Jak słodko gaworzy! O, już mówi „mama” i „tata”! Jak ładnie opowiada! A jakie zabawne teksty ma! Tylko je zapisywać! Nauka mówienia to temat, który zawsze wywołuje wiele emocji i wzruszeń rodziców i dziadków. Głużenie, gaworzenie, pojedyncze sylaby, proste słowa, a na końcu zdania – w każdej fazie rozwoju mowy dziecka ważne jest wsparcie rodzica.

Co robić, aby pomóc dziecku w ćwiczeniu nowych umiejętności? Co pozytywnie wpływa na ćwiczenie mowy? Oto przykłady aktywności i zabaw dla dziecka, które warto podejmować. Oprócz tego, że stymulują rozwój mowy i poszerzają słownictwo, to również ćwiczą koordynację wzrokowo-ruchową, pamięć, koncentrację i spostrzegawczość. Doskonalą poczucie rytmu, rozwijają kreatywność i kształtują wrażliwość estetyczną.
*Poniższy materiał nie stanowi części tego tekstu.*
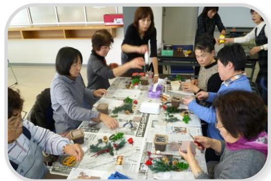
上手にできた！どこに飾ろうかな？

今回、多数の参加申し込みありがとうございました。今後も多数の参加をお待ちしております。

Mówienie do dziecka już od urodzenia

Przecież on tylko śpi i je – powiedzą niektórzy. To prawda, że sen i pożywienie zaspakajają główne potrzeby noworodka. Ale pamiętajmy, że jest to człowiek. Mały człowiek, który czuje, potrzebuje miłości i troski. Językiem łączącym go z rodzicem staje się wówczas uśmiech, przytulenie, pocałunki, głaskanie, ciepłe słowa, które mama czy tata kierują do dziecka. Malutkie dziecko chłonie świat wszystkimi zmysłami. Ważny jest dla niego dotyk, reaguje silnie na dźwięki, a głos mamy działa na niego jak balsam. Niemowlę, wraz z każdym miesiącem, staje się coraz uważniejszym obserwatorem rzeczywistości. Dotyka przedmiotów, ogląda je, sprawdza, jakie odgłosy wydają. Nie potrafi mówić, ale dużo rozumie. Dlatego warto opowiadać, np. co aktualnie robimy, co będziemy robić i opisywać – np. jak wygląda zabawka, co znajduje się w książeczce na obrazku, jakie dźwięki są typowe dla danego zwierzęcia. Nazywanie przedmiotów, które dziecko dotyka, sprawia, że poznaje ono nowe słowa, a na kolejnych etapach rozwoju – będzie je próbować powtarzać.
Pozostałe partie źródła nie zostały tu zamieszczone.